Metcalf Institute works to support journalists and scientists with accurate and accessible climate communication. I am the Training Program Coordinator, so I work to develop and oversee fellowships and programming to advance this mission. After interviewing over 150 scientists during my time at The Sweaty Penguin, I observed poor communication and trust between scientists, journalists, and community, so I am thrilled to be in a position to support dialogue and learning between these groups.

My proudest achievement at Metcalf Institute so far has been the Climate Ready Newsroom fellowship. Prior to my arrival, Metcalf focused primarily on training individual journalists and scientists. I was tasked with building a new program that focused on local newsrooms, aiming not just to train individuals within the newsroom but set up entire organizations for long-term, sustained, scientifically accurate, and community-centered climate coverage. Our first cohort launched last winter with seven local newsrooms in southern New England: Boston Globe, Bay State Banner, Nantucket Inquirer & Mirror, Rhode Island PBS & The Public's Radio, East Bay Media Group, Hearst Connecticut Media Group, and WSHU Public Radio. After giving the newsrooms six virtual trainings on topics such as scientific uncertainty, climate attribution science, and solutions journalism, we provided three months of coaching and supported them in the pursuit of goals to make their newsrooms "climate ready." Projects included building a “rolodex” of climate scientists in the community, developing a newsroom-wide protocol document for climate disaster coverage, soliciting climate questions from readers to inform future reporting, and launching pop-up newsrooms to more deeply engage the community.

I am so grateful that the fellowship I spearheaded has already had such a transformative impact on local climate coverage in my region. The next cohort is open to all local newsrooms in New England, and applications are live! And anyone interested in science communication training can connect with us here!

With you having such a strong background in journalism and academic education, what advice would you give to young professionals aspiring to build a career in these fields?

Seek community. Ask for help. My career would never be where it is today without the support of my friends who helped launch The Sweaty Penguin and groups like Young Voices, WNET, Solutions Journalism Network, Boston University's Build Lab, Covering Climate Now, Jerusalem Press Club, Masa, and a whole lot more. There's so many people and partners to thank.

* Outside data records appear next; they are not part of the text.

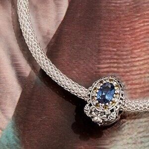 A stunning sapphire blue cubic zirconia stone is surrounded by yellow and clear smaller pave stones, all set in sterling silver. Just such a regal looking mix. It reminds us of a magic mirror. What is your wish as you look into it?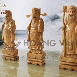 Bộ tượng được thiết kế tỉ mỉ, thể hiện sự khéo léo và tâm huyết của nghệ nhân. Hình tượng Phúc, Lộc, Thọ không chỉ mang ý nghĩa phong thủy sâu sắc mà còn tạo nên nét thẩm mỹ độc đáo cho không gian.
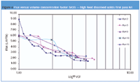 A total of 25 trial runs was performed. The trials programme was designed to establish flux variation with volume concentration at natural and modified pH, as previous trials had indicated flux improvement at slightly acidic conditions. From these trials, batch variability and run time implication on membrane performance was established.
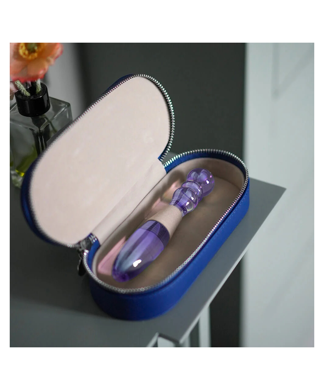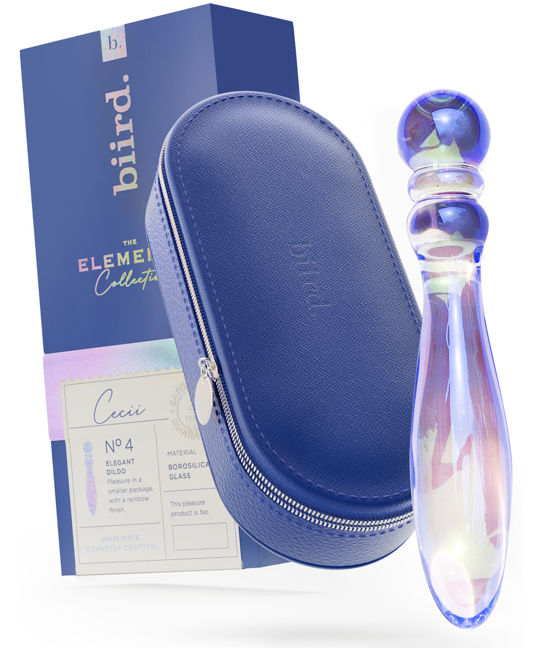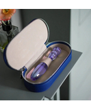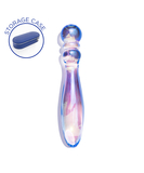 Iridescent glass dildo that can be used from both ends. Comes in a discreet blue faux leather storage case.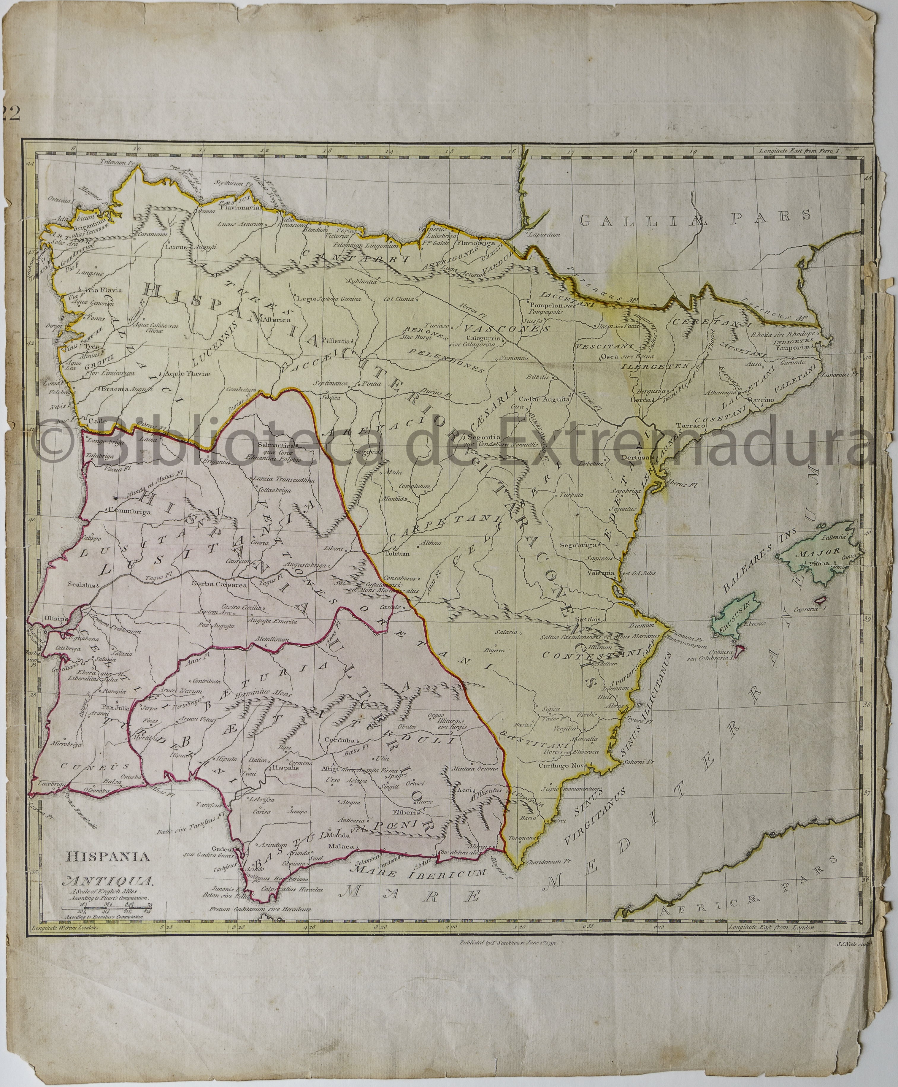 NOTAS En el ángulo superior izquierdo: 22. – Relieve por montes de perfil y sombreado. – Márgenes graduados. – Dibujados meridianos y paralelos formando cuadrícula. – En el margen superior se dan las longitudes referidas al meridiano de: Ferro y en inferior las referidas al meridiano de: London. – Costas sombreadas. – Lugares representados por círculos. – Toponimia en latín. – Divisiones administrativas diferenciadas por color |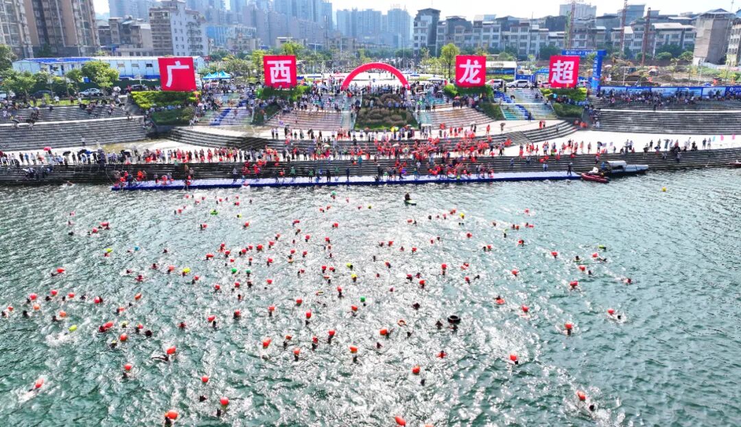 活动当天,来自各地的数千名游者齐聚融安,他们顽强拼搏、挑战自我,在搏浪击水后勇渡融江。开场曲目瞬间点燃全场气氛,游泳健儿们在工作人员的带领下进行热身。鸣笛声起,他们纷纷从龙舟广场一侧一跃而下,以矫健身姿续写“与江共生”的传奇,泳者劈波斩浪的身影,与两岸如织的观赛人群共同织就一幅全民狂欢的盛景。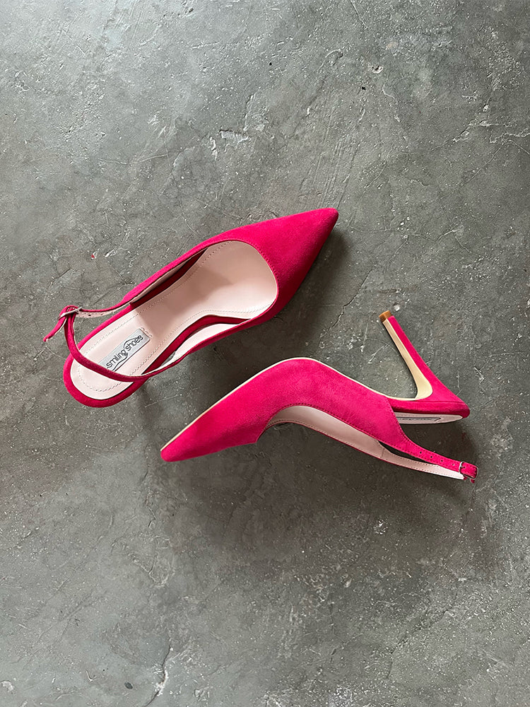 ST310 - 39 Pantofi stiletto piele intoarsa, toc cui, rosu velur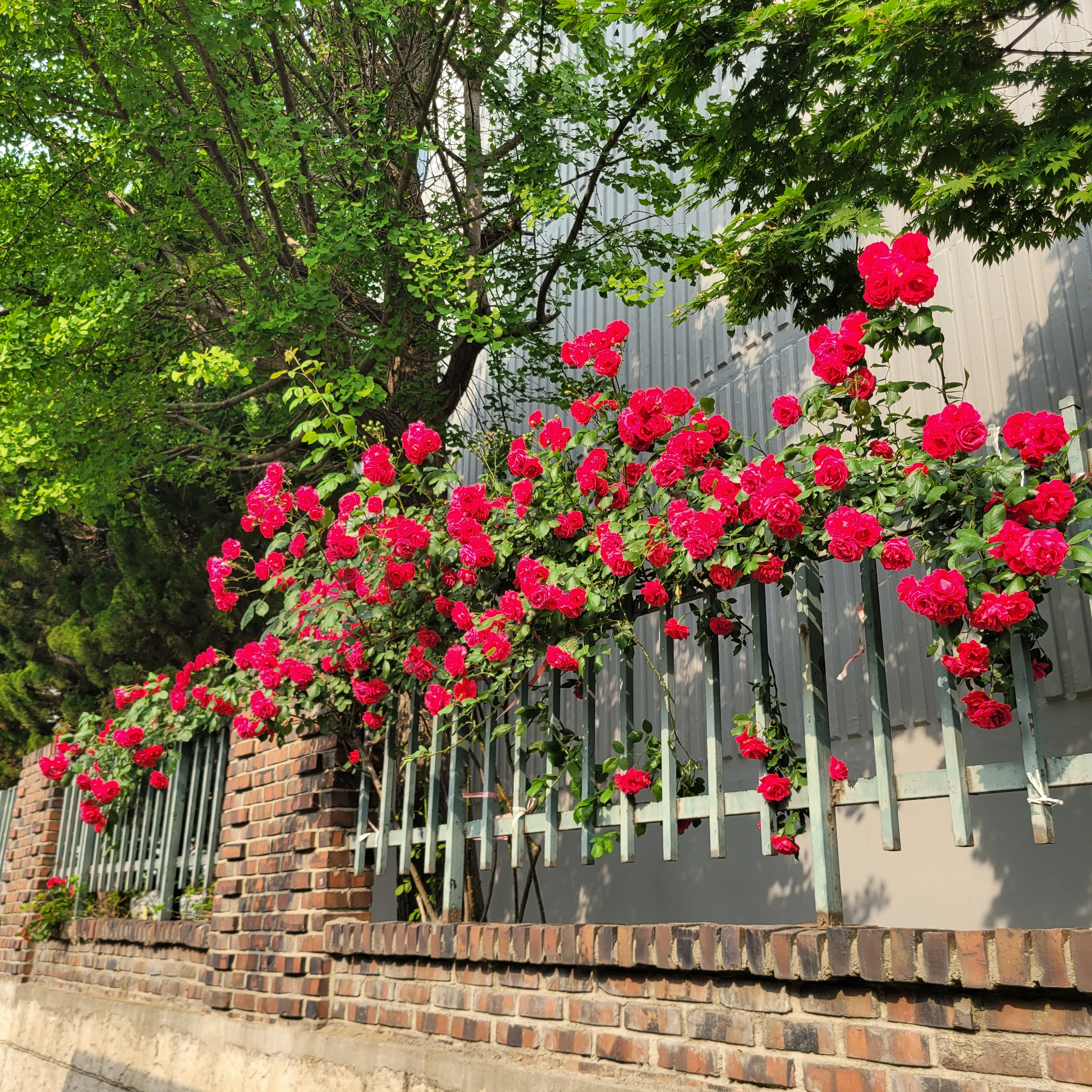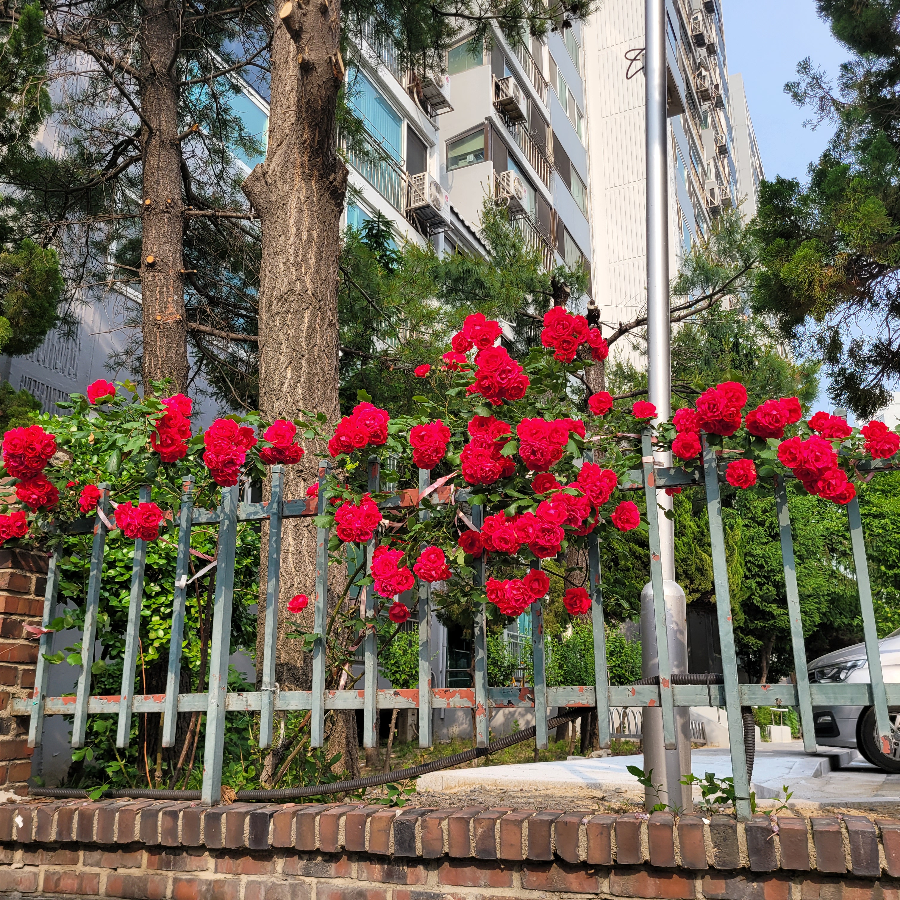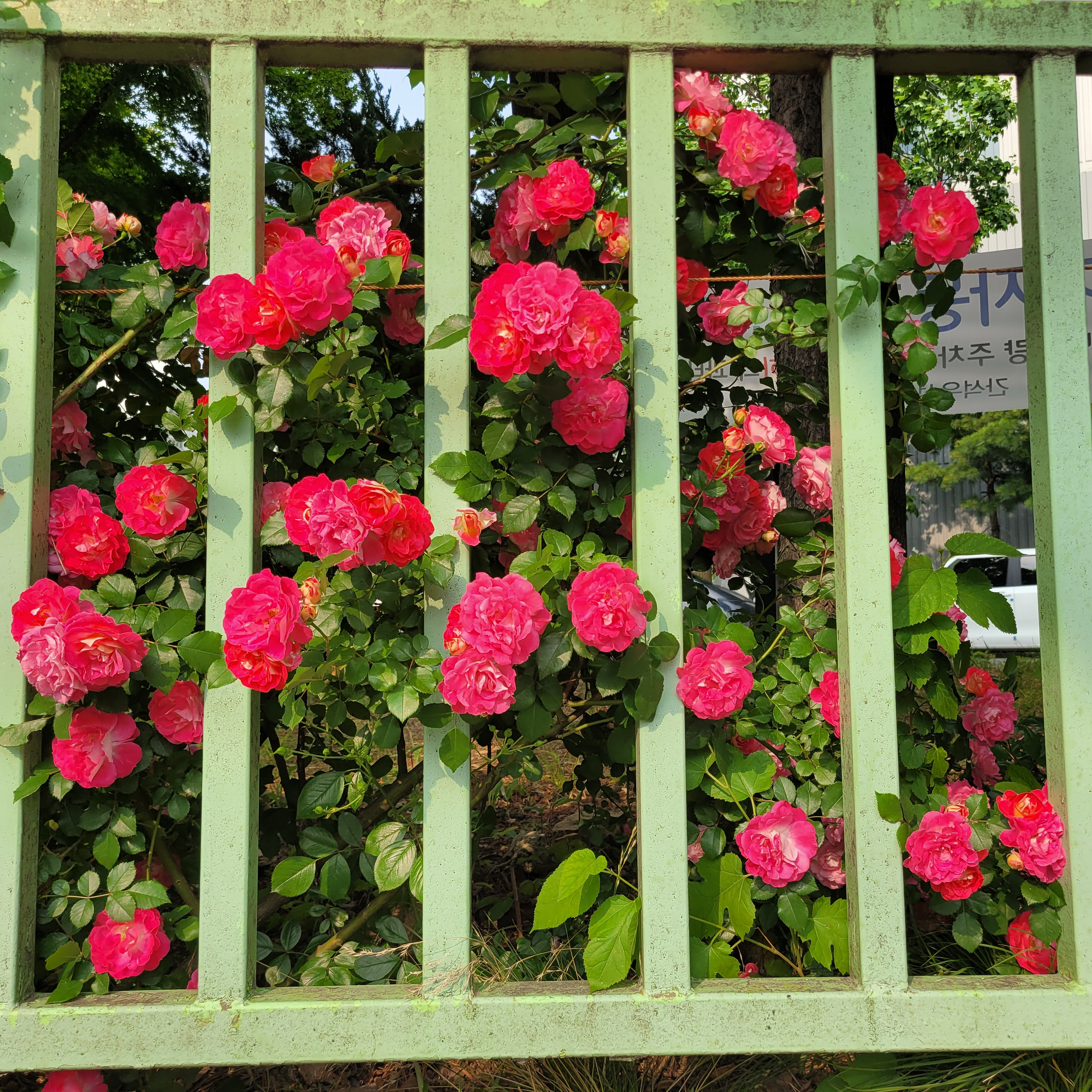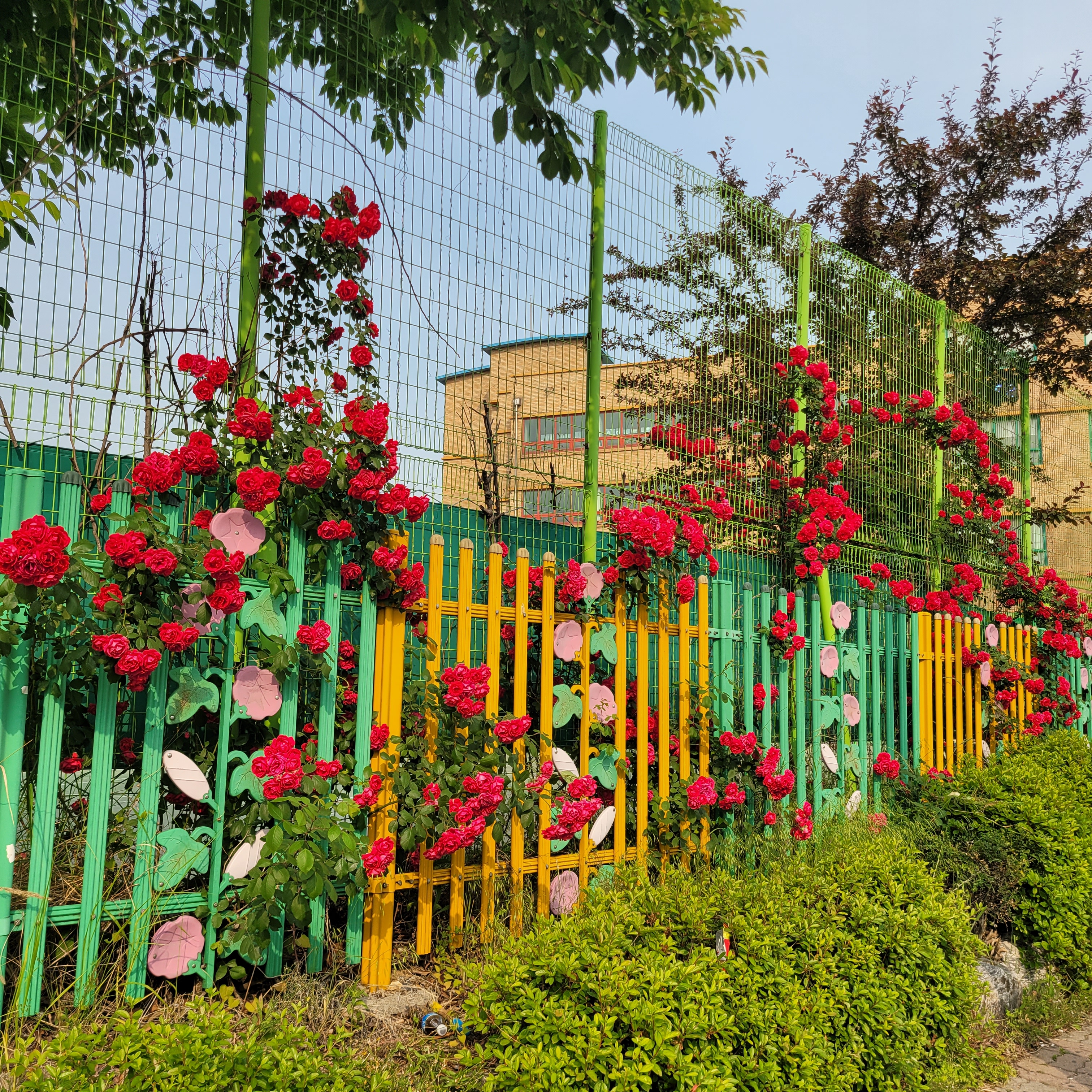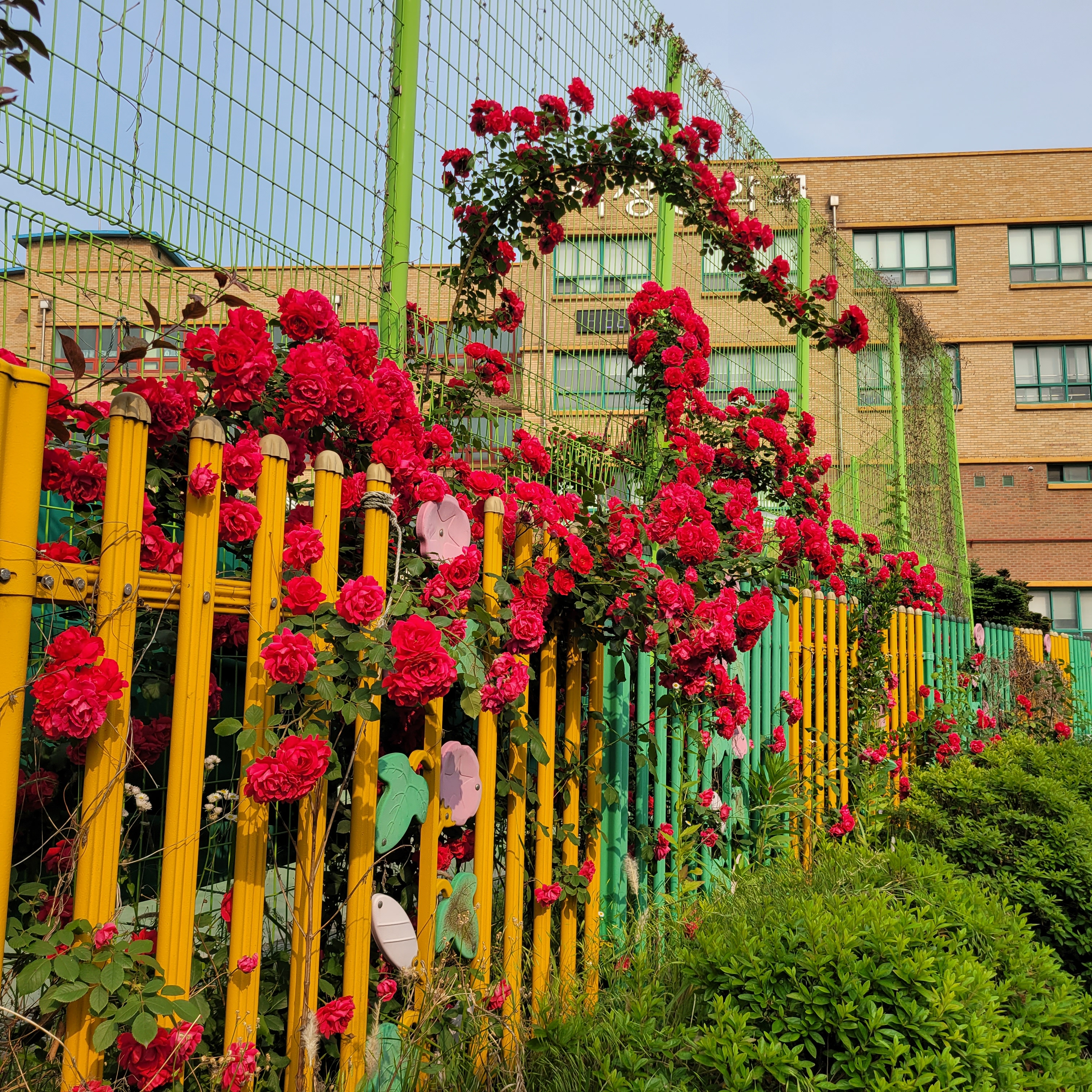 학교 담벼락 등지에 장미꽃이 아름답게 피었더라고요.

Both journalism and academia are facing scary and frankly unconstructive attacks from the current administration. Mainstream media often has flaws in its coverage, but slashing funding for PBS and NPR and barring the AP from the White House press pool puts journalists on the defense and reduces capacity for journalists to proactively improve our skillsets through, for example, a Metcalf fellowship. Antisemitism on college campuses is alarming, but halting foreign student visas across the board and slashing NSF grants does nothing to address the systemic issues underlying antisemitism, instead blocking talented young people from entering our country, preventing scientists from doing critical research, and degrading the academic experience countless Jewish students actively seek. 

At this difficult moment, I would encourage young professionals in journalism and academia to look out for our mental health, uplift one another, and be willing to call out both missteps within our industries and policies that are hostile and obstructive. If journalists and academics find ways in this political environment to still pursue the hard work of honing our craft and rebuilding trust with our communities, maybe that will help sustain our industries and allow more talented young people to enter the fields in the future.